Elsewhere, the complimentary breakfast has been modified to a grab-and-go method, said Manternach, with all produce and goods place in a labeled bag for patrons.
So far, the 104-room Hampton Inn & Suites Imperial Beach is running at over 40% occupancy, he said. That number is anticipated to increase to more than 60% this week as a large group of military Navy soldiers has checked in, according to Manternach, who believes that figure will continue to increase week-over-week.
He added that while he and his team are currently targeting leisure, drive-in travelers, he predicts business travel will pick up soon.
“Right now, it’s a lot of drive-in traffic as a lot of people have been cooped up in their homes with orders to shelter-in-place, so that will be the bulk of what we see at first,” said Manternach. “I will say, I travel quite a bit and have been seeing more and more business travelers. I do think business communities, companies and corporations out there will be giving the green light to their employees to go out and travel soon albeit face masks and all the safety protocols we should be taking.”
Local Market First
To help push these efforts, the San Diego Tourism Authority has a marketing plan in place that will focus on the local market first and then expand to regional drive markets as is appropriate, said Jennifer Davies, director of cultural tourism at SDTA.
“The timing and rollout are flexible and are dependent on when the community is ready,” she said. Julie Coker, president and CEO of the San Diego Tourism Authority, added that SDTA has a recovery marketing plan ready to deploy “designed to support our local hotels and tourism businesses.”

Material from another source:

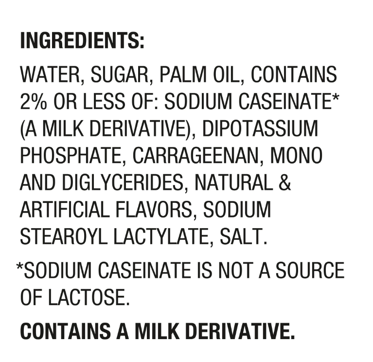 INGREDIENTS: WATER; SUGAR; PALM OIL; CONTAINS 2% OR LESS OF: SODIUM CASEINATE* (A MILK DERIVATIVE); DIPOTASSIUM PHOSPHATÉ; CARRAGEENAN; MONO AND DIGLYCERIDES; NATURAL & ARTIFICIAL FLAVORS; SODIUM STEAROYL LACTYLATE; SALT.*SODIUM CASEINATE IS NOT A SOURCE OF LACTOSE.

“The San Diego Tourism Authority will continue to work with our local elected officials, industry partners and Members on responsible reopening efforts or all facets of our local tourism economy,” she said.
Caroline Beteta, president and CEO of “Visit California,” said she looks forward to the tourism industry launching its economic comeback with the help of all Californians and other visitors who are comfortable traveling at this point.
“Visit California and California’s tourism industry welcomes new state public health guidance that will allow hotels to serve leisure travelers in parts of California that are ready to welcome them,” she said. “It also will allow the tourism industry to launch its economic comeback and begin to restore jobs for hundreds of thousands of tourism and hospitality workers whose lives and livelihoods have been severely affected by the coronavirus.”